Two of the proposed fusion idioms for RISC-V (although not limited to RISC-V) are *load pair* and *store pair*, where two *consecutive* loads (resp. stores) to contiguous memory are fused into a single *load pair* (resp. *store pair*)  $\mu$ -op [7]. Assuming the microarchitecture can handle  $\mu$ -ops with two destination registers in the load execution pipeline, a *load pair*  $\mu$ -op can then perform a single cache access to retrieve two registers worth of data, which reduces latency. Interestingly, at the microarchitectural level, we can even fuse non-contiguous memory operations if the cache circuit allows it. That is, two loads may be fused even if they access non-contiguous data as long as that data fits within a specific memory region (e.g., cacheline).

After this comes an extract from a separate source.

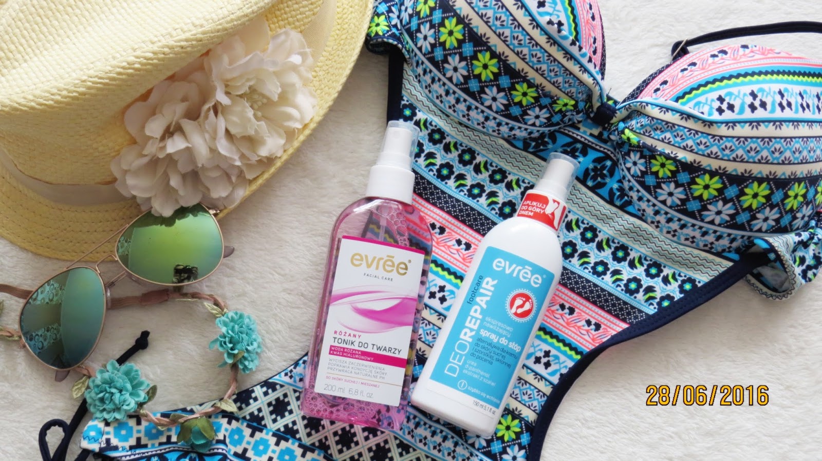 Produkty marki Evree, które dawno temu skradły mi serce, teraz kolejne nowości pojadą ze mną. Po pierwsze tonik różany do cery suchej i mieszanej, już go używałam i muszę przyznać, że jest fantastyczny, odświeża, tonujże i koi. Następnie spray do stóp, który niweluje nadmierną potliwość, z pewnością się przyda na długie zwiedzanie ;)

Cacheline Crossers: A key limitation of baseline fusion is that it can only inspect static information. As a result, while a load pair idiom can easily be identified, it cannot be guaranteed that both accesses fall within the same cache line. Indeed, consider ld x4, O(x1) immediately followed by ld x5, 8(x1). These two instructions form a load pair idiom, however, there is no guarantee that a single cacheline can provide all the requested data. As a result, one has to consider that the fusion of memory  $\mu$ -ops may not necessarily improve latency, as one load pair u-op may translate to two serialized cache accesses.1 Fortunately, hardware to handle this case is already present in modern pipelines since even a single memory μ-op may access two consecutive cache lines. The penalty of crossing a cache line is generally small in modern microarchitectures, e.g., a single cycle in Amd processors ([1], Section 2.6.2), suggesting two serialized accesses to the cache).

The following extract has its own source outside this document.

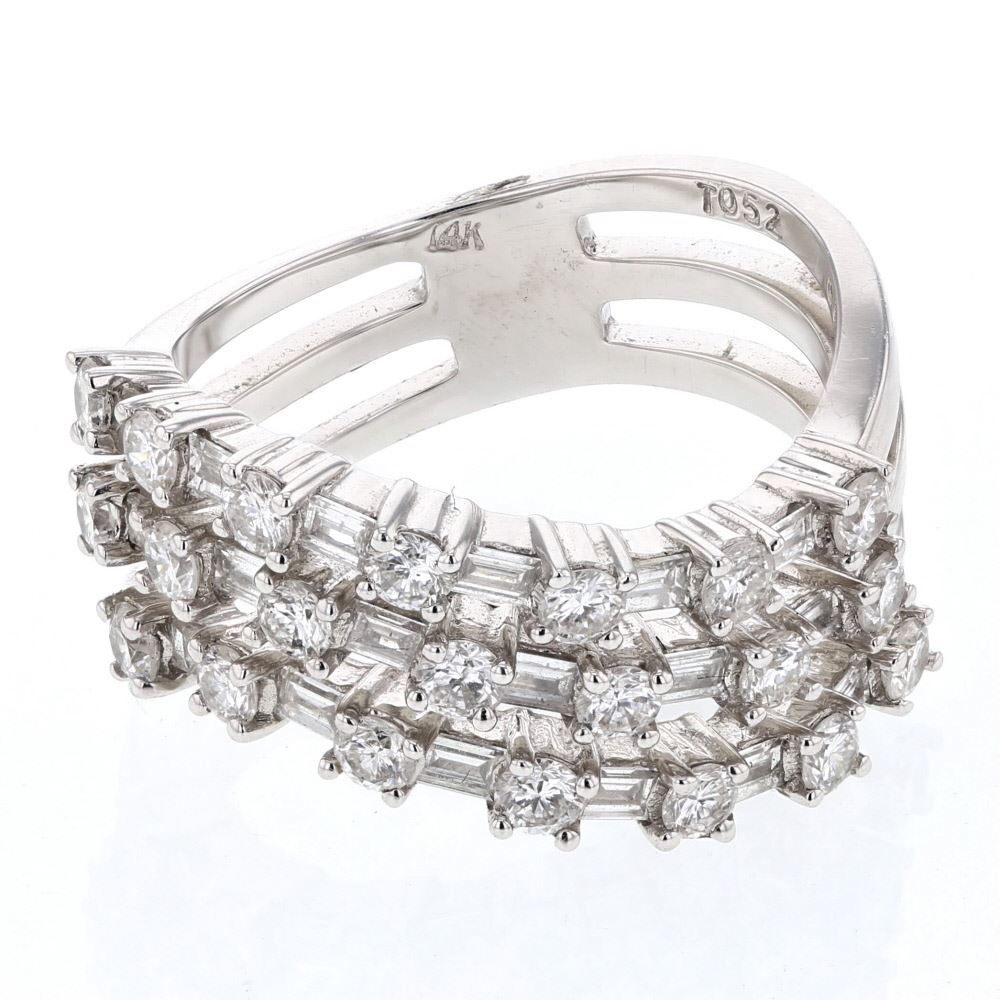 REF-198X4Y ---- Prong-set Round & Baguette Ring in 14K White Gold

This further entails that for *load pair* fusion to behave optimally, the two destination registers should be provided to dependents independently.

**Dependent loads:** Consider instruction  $ld\ x1$ , O(x1) immediately followed by  $ld\ x5$ , O(x1). At first glance, the two loads appear to qualify for fusion since they use the same base register. However, the second load actually depends on the first through x1. Thus, the two loads cannot compute their effective address and access the cache concurrently and they cannot be fused.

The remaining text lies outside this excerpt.